В Риге Гроссен был еще во время Первой мировой, когда служил в штабе 12–й армии. Вот какой она предстала ему спустя пять лет, в 1920–м: "…Срок, конечно, небольшой, но все же Рига значительно изменилась: здания казались все те же, но облик улиц главным образом, толпа — латышская.
Латышская речь как будто преобладала, хотя и русская речь всюду слышалась: в любом магазине вы могли с русской речью получить что хотели. На перекрестках улиц стояли вместо городовых латышские полицейские, в фуражках французского образца. Солдаты имели форму не русского, а скорее английского образца.
Кое–где на официальных учреждениях (Мин–во иностр. дел на ул. Вальдемара) развевались государственные флаги красно–бело–красного цвета. Жили наши на Пчелиной улице (Bischu iela — названия улиц везде латышские), занимали две комнаты, конечно, было тесно для нас, семи человек!"
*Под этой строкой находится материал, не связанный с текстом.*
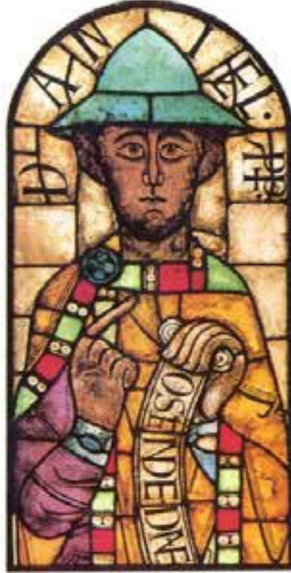
Görsel 7: Sanatçısı bilinmiyor, Aziz Daniel, vitray tekniği, (Roman dönemi) Bayern, Almanya.

Portre konusuna daha erken dönemlerde rastlansa bile portrenin yaygın kullanımı şüphesiz Rönesans'la tarihlendirilebilir. Rönesans Dönemi; farklı ülkelerdeki gelişimi sayesinde, konu çeşitliliğin artmasına ve özellikle de portre konusunun Rönesans sanatçıları tarafından incelenmesine neden olmuştur. Bu popülerlik boyutu ve kullanımı portreyi etkilemiş ve çeşitli tarzlarda (ekoller) çalışma imkânı sağlamıştır. Rönesans sanatçılarının yapmış oldukları portrelerde, sanatçıların çizimlerine katkı sağlayan modellerin idealize edilmiş yüz formları dikkat çekmektedir. Sanatçılar, betimlemiş oldukları eserlerde bireysel kimliğin yansıtılması çabası içinde olmuşlardır. Sanatçıların bu çabası da portrelerde “eşsiz bireysel kimlik düşüncesinin” ortaya çıkmasına sebep olmuştur. Bu yüzyılda portre konusunu inceleyen pek çok sanatçı, kendi bireysel çalışmalarını yapmıştır ( Görsel 9-10).
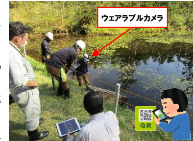
ICT技術を活用したため池点検
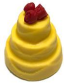
Bolinho de Chocolate
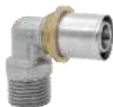
Kolano wkrętne GZ
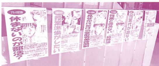
会場に掲示されたTKプロジェクトのポスター
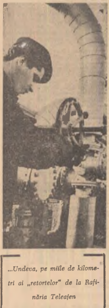
„Undeva, pe mii de kilometri ai „retoretelor” de la Rafinăria Teleajen
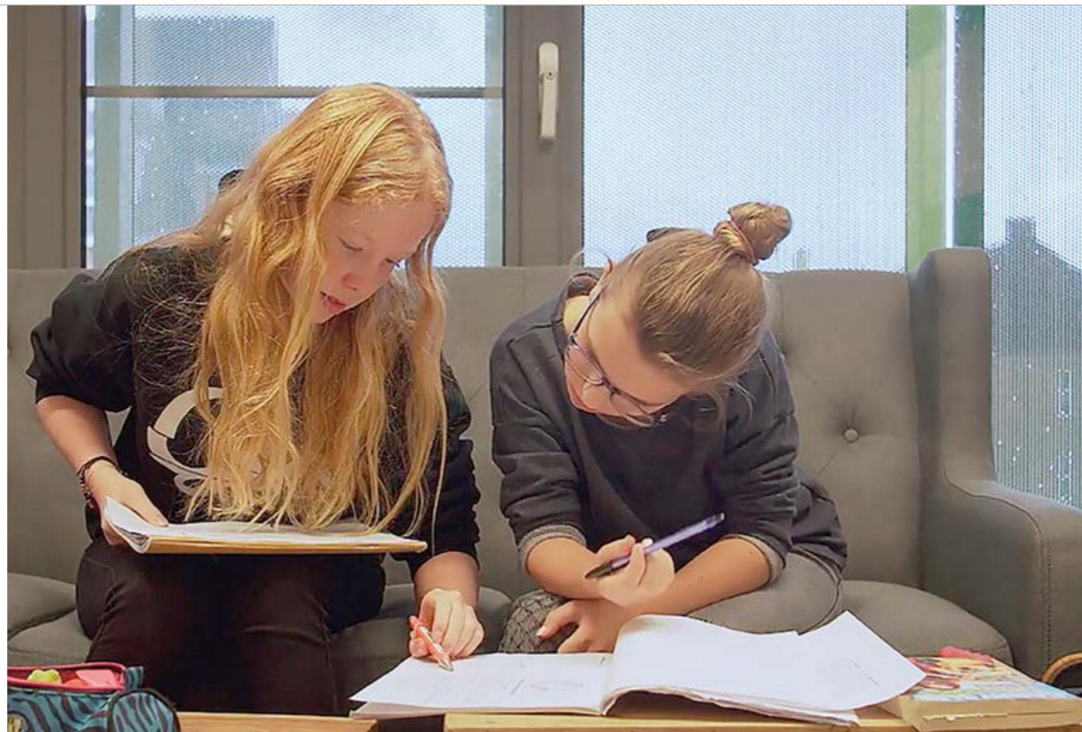
Het Fioretti College Lisse startte met een pilot gepersonaliseerd leren.

Het Fioretti College Lisse startte twee jaar geleden met een pilot gepersonaliseerd leren. Wat vinden leerlingen en ouders hiervan? “Ik vind het fijn dat je in je eigen tempo kunt werken.”

Первый вопрос — чем заняться? Гроссен подался в журналистику — русских газет хватало, а политическая жизнь била ключом. Первым делом пошел в газету "Сегодня". Тем более еще во время службы у Юденича из Нарвы отправлял туда свои корреспонденции.
"Редактором был Николай Григорьевич Бережанский. Издавали эту газету несколько пайщиков, главными пайщиками были евреи — Брамс Яков и Поллак, кажется, Борис… Временно мне дали работу в редакции по редактированию хроникерского материала.
В редакции было необыкновенно шумно, все евреи не говорили, а вследствие своего высокого давления темперамента кричали. Главное — вечно спорили, стучали по столу кулаками и затем мирно расходились. Редакция помещалась тогда на Гердеровской площади, в доме немецкой типографии Миллера… Много масла в огонь споров подливала супруга Николая Григорьевича — честолюбивая Анна Дмитриевна.
Она иначе не говорила: "Мы написали статью", "Как нравится вам наша статья?", "Мы редактируем газету" и т. п. Можно сказать, что одна из главных причин последовавшего через год ухода милого Николая Григорьевича из состава редакции "Сегодня" была честолюбивая жена его".
Задерживаться в "Сегодня" Гроссен не стал и ушел в "Рижский курьер" — редактором.
"Работа в "Рижском курьере" протекала бурно, мы все были захвачены борьбой с большевиками. Я писал передовые статьи почти каждый день, за которые получал построчные.
В темах не было недостатка: жизнь ежедневно преподносила факты, так что за ними даже угнаться нельзя было. Кроме того, страны Прибалтики, в особенности Латвия, были, так сказать, буферными государствами, которые охраняли буржуазный Запад от коммунистического СССР.
В Риге был главный штаб корреспондентов западных газет, многочисленные осведомительные и разведывательные бюро, Рига, можно сказать, кишела шпионами разных оттенков… Все ретиво следили друг за другом… Жили мы во время работы в "Рижском курьере" на Малой Королевской, в маленьком доме генерала Бангерского, а редакция была на Грешной улице, куда я являлся в 9 часов утра.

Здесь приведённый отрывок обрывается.